Action item »
Without including any pictures, copy every line below exactly.

Input for this task »
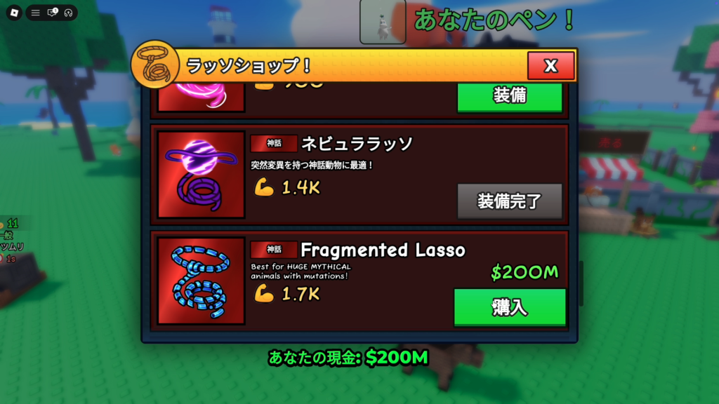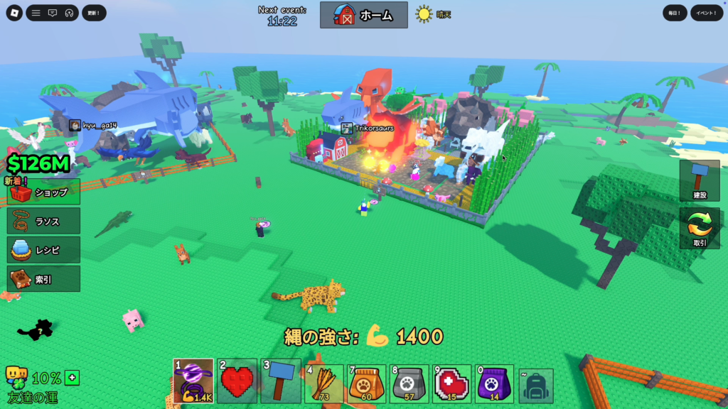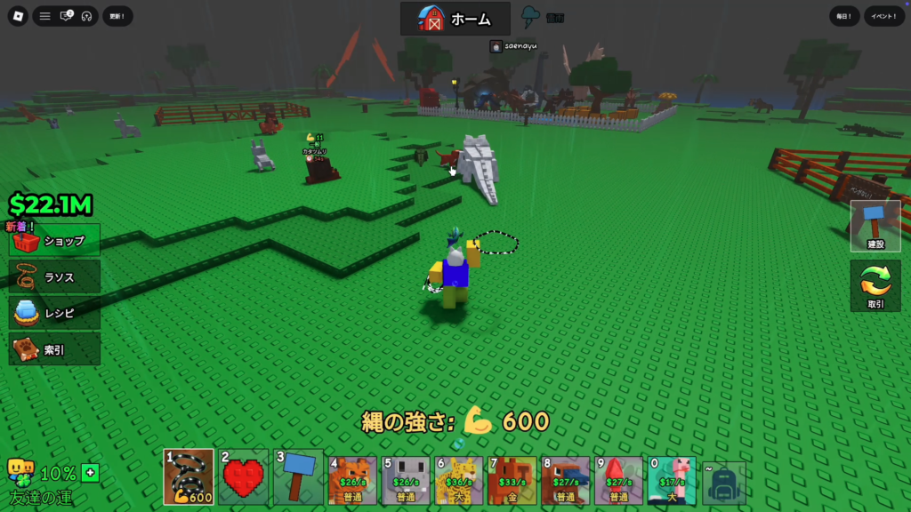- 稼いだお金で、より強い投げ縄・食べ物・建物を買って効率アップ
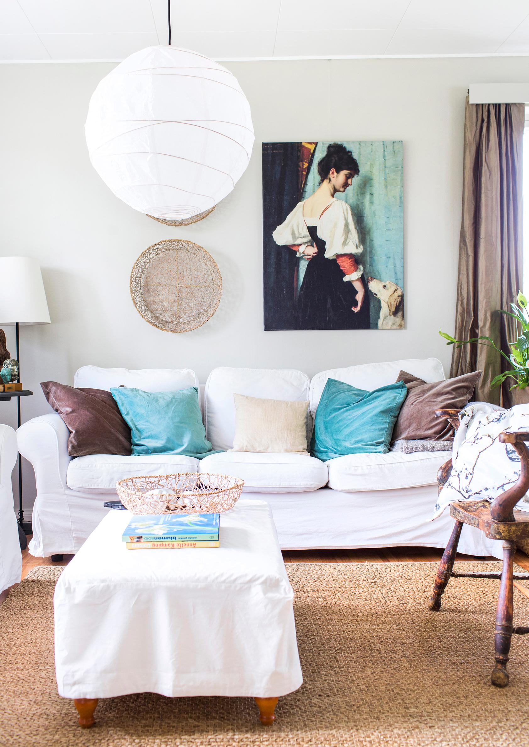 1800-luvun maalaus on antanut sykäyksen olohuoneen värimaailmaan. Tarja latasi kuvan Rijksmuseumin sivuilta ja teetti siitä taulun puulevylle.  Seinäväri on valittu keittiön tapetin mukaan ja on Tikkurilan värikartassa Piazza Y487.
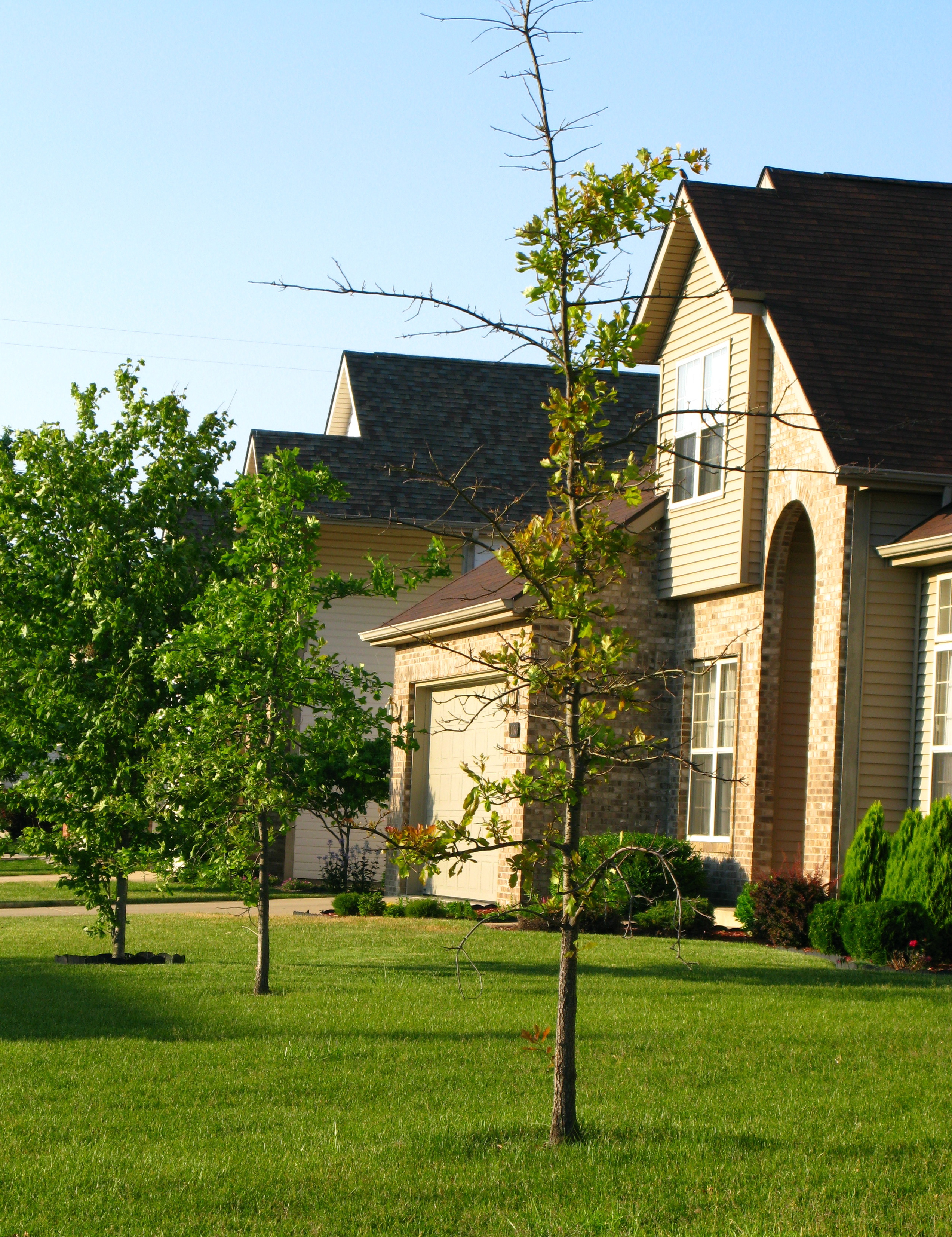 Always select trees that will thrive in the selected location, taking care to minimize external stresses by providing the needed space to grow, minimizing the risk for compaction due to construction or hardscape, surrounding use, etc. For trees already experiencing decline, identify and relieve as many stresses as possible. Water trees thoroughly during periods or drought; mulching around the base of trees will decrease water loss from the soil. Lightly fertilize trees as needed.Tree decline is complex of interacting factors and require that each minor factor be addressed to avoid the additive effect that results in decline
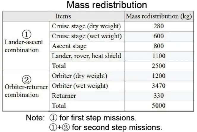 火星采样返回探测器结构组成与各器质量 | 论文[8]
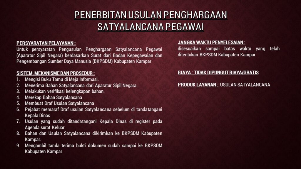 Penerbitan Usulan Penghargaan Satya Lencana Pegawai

Written answer »
- 稼いだお金で、より強い投げ縄・食べ物・建物を買って効率アップ
 1800-luvun maalaus on antanut sykäyksen olohuoneen värimaailmaan. Tarja latasi kuvan Rijksmuseumin sivuilta ja teetti siitä taulun puulevylle.  Seinäväri on valittu keittiön tapetin mukaan ja on Tikkurilan värikartassa Piazza Y487.
 Always select trees that will thrive in the selected location, taking care to minimize external stresses by providing the needed space to grow, minimizing the risk for compaction due to construction or hardscape, surrounding use, etc. For trees already experiencing decline, identify and relieve as many stresses as possible. Water trees thoroughly during periods or drought; mulching around the base of trees will decrease water loss from the soil. Lightly fertilize trees as needed.Tree decline is complex of interacting factors and require that each minor factor be addressed to avoid the additive effect that results in decline
 火星采样返回探测器结构组成与各器质量 | 论文[8]
 Penerbitan Usulan Penghargaan Satya Lencana Pegawai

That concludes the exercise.